#  >  > Computers Can Be Fun >  >  > Computer News >  >  What are you downloading at the moment?

## poolcleaner

Unwell has got one of ajarn's all time hottest threads going with his "What are you listening to" thread so I'm hitting off with the 'downloading thread'

what torrents, music, movies, programs, pron are you downloading?

For me......I'm 3/4 way through the 'Guinea Pig' movie series, almost done with 'Azumi 2', halfway with 'Ichi the Killer', nearly done with the complete 'Katrina18' piccys and a bit into 'Salon Kitty' for Harry.

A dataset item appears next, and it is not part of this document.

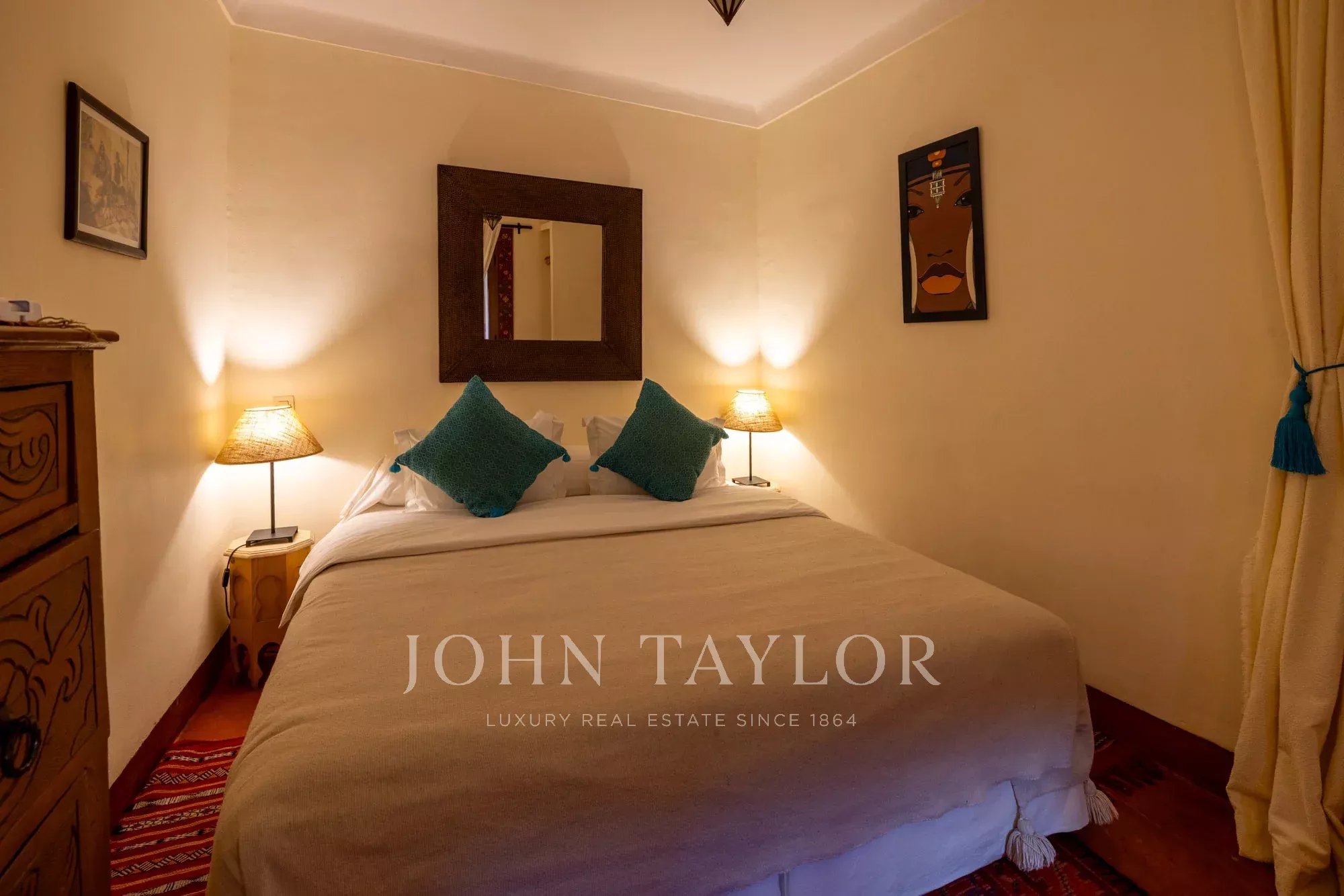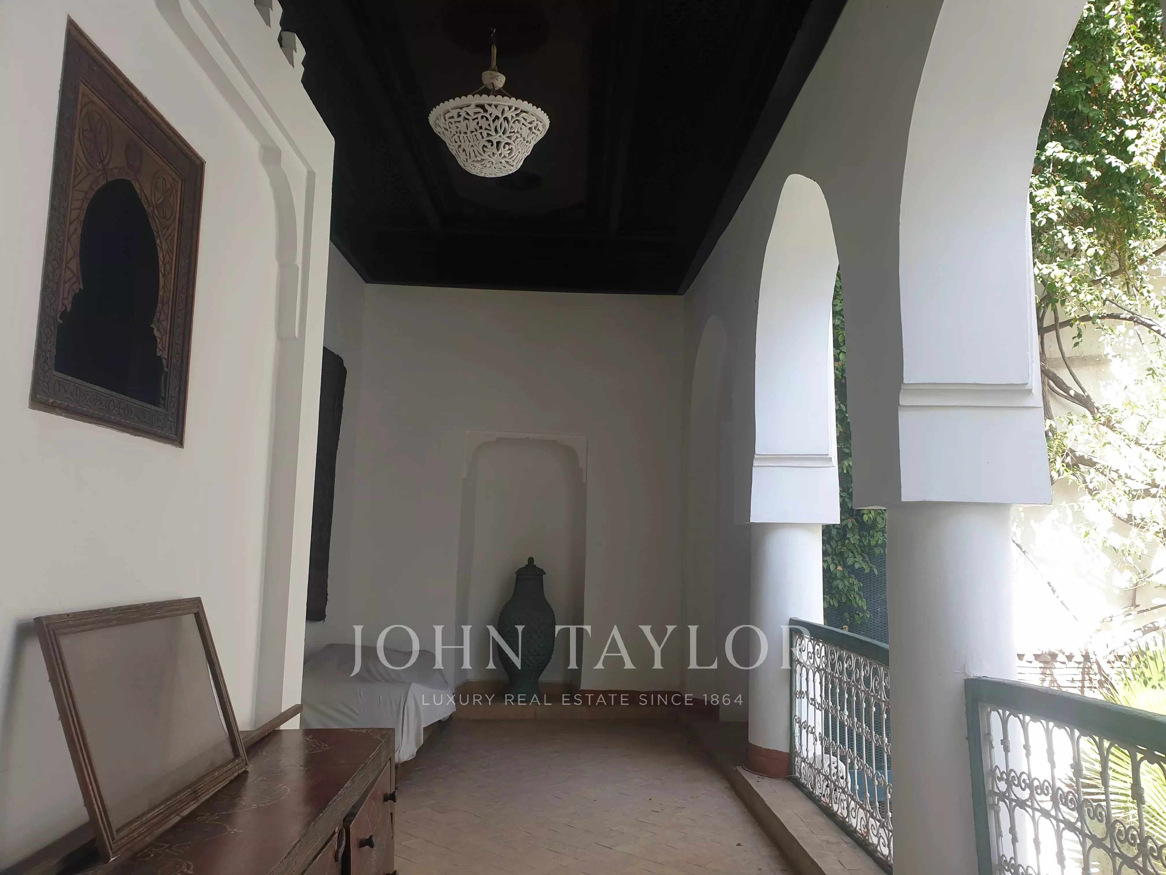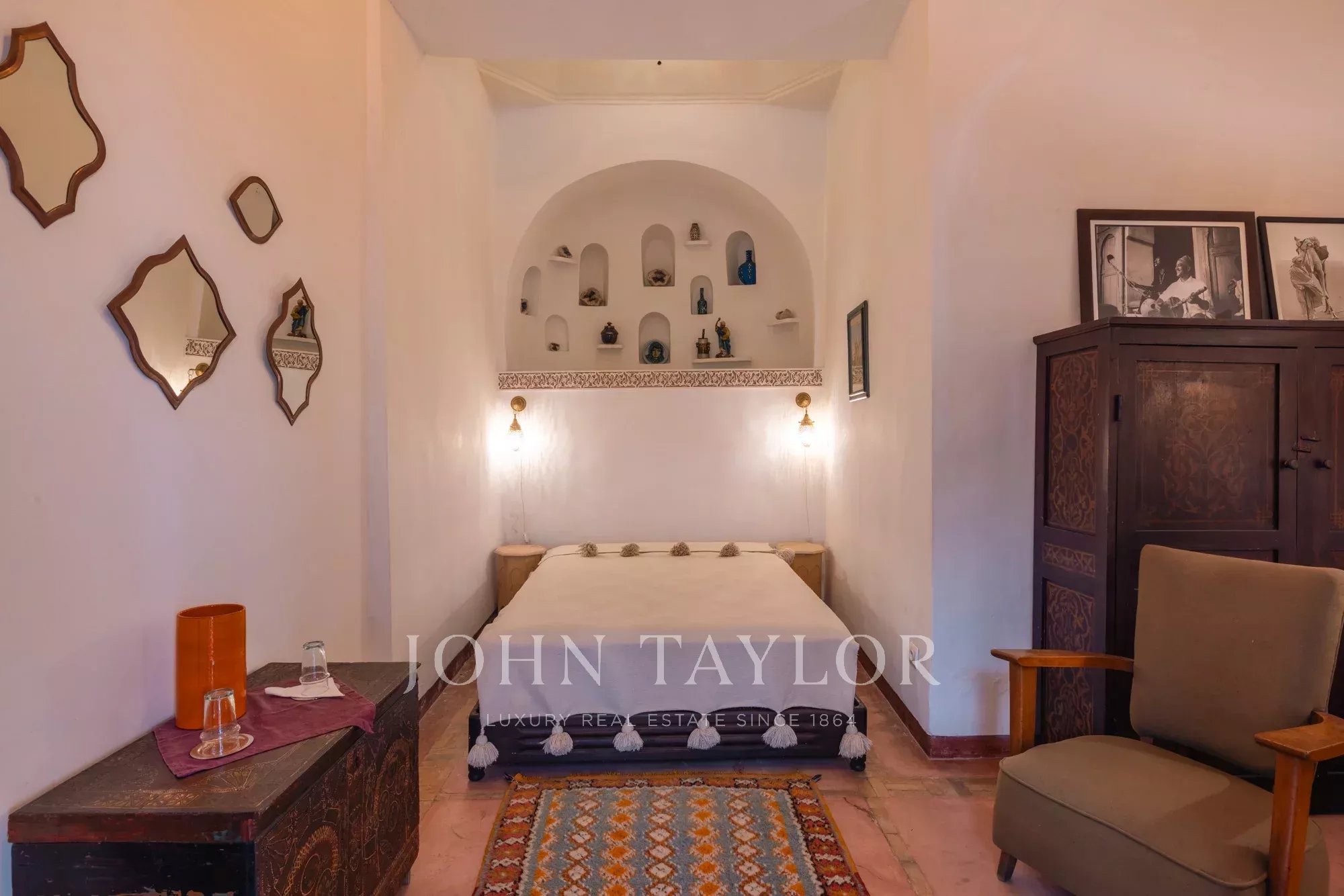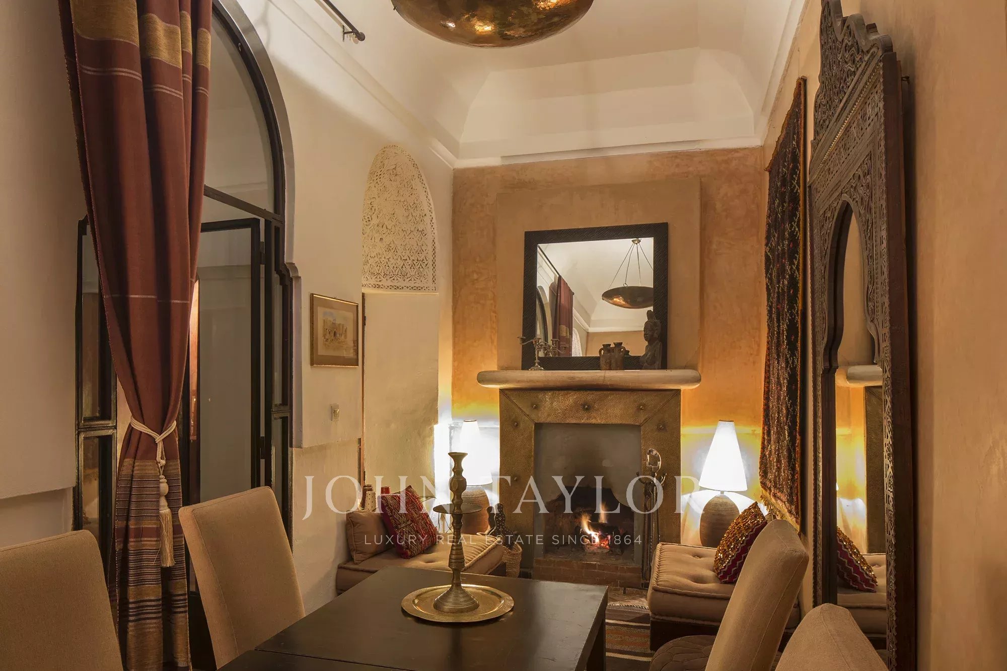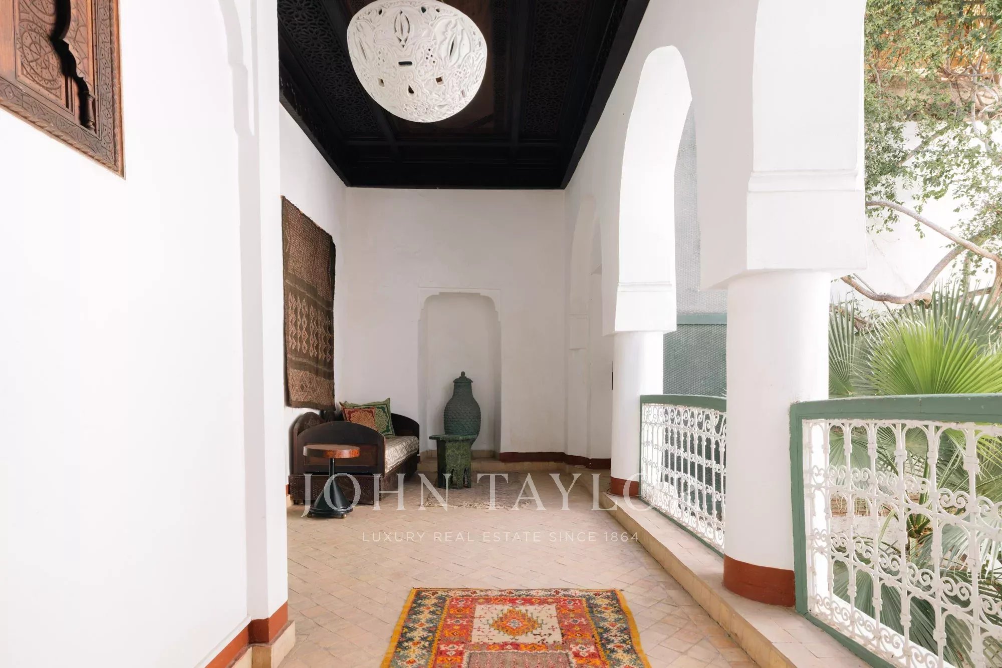 It combines 2 adjacent titled Riad with common entrance and connecting roof-terraces: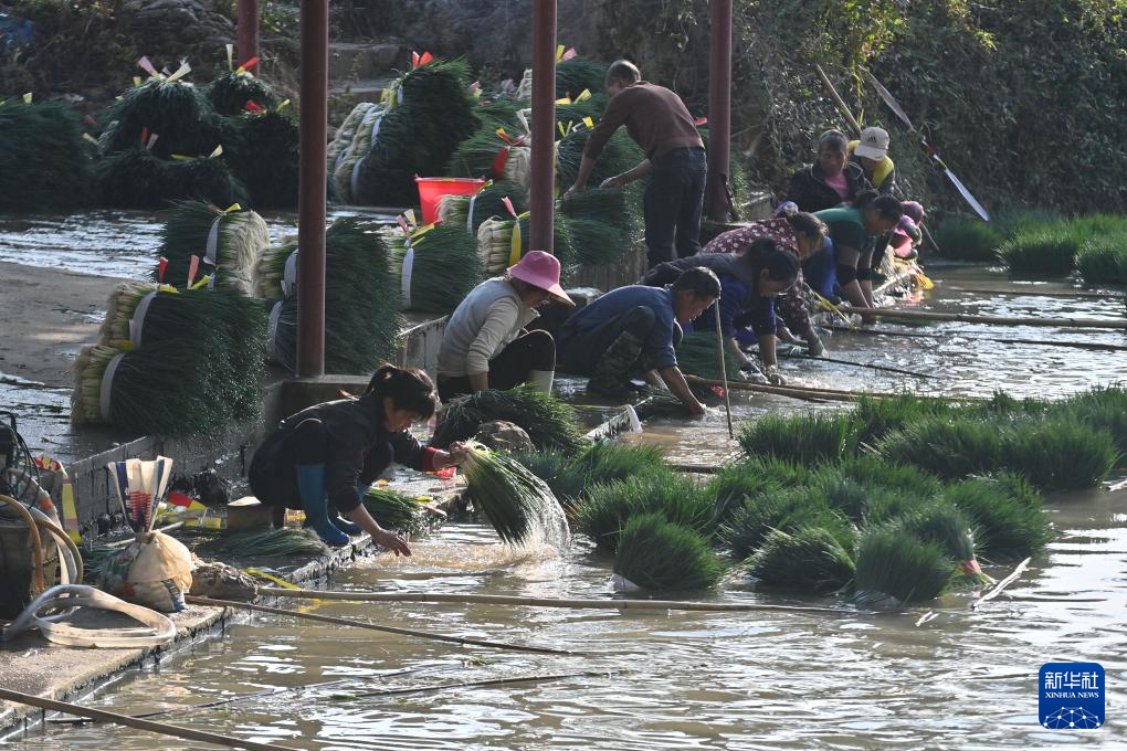 2024年11月2日清晨,觉山村村民在挑选香葱。

next up.......'stabbing westward' all albums and i hope to find the 'Courage' software for learning Thai!

----------


## ChiangMai noon

twins doing twins, 73% there.
hope to have it for breakfast. :Smile:

----------


## poolcleaner

Let us know if it's worthwhile and pop up the torrent or name!!

----------


## Harry

> and a bit into 'Salon Kitty' for Harry.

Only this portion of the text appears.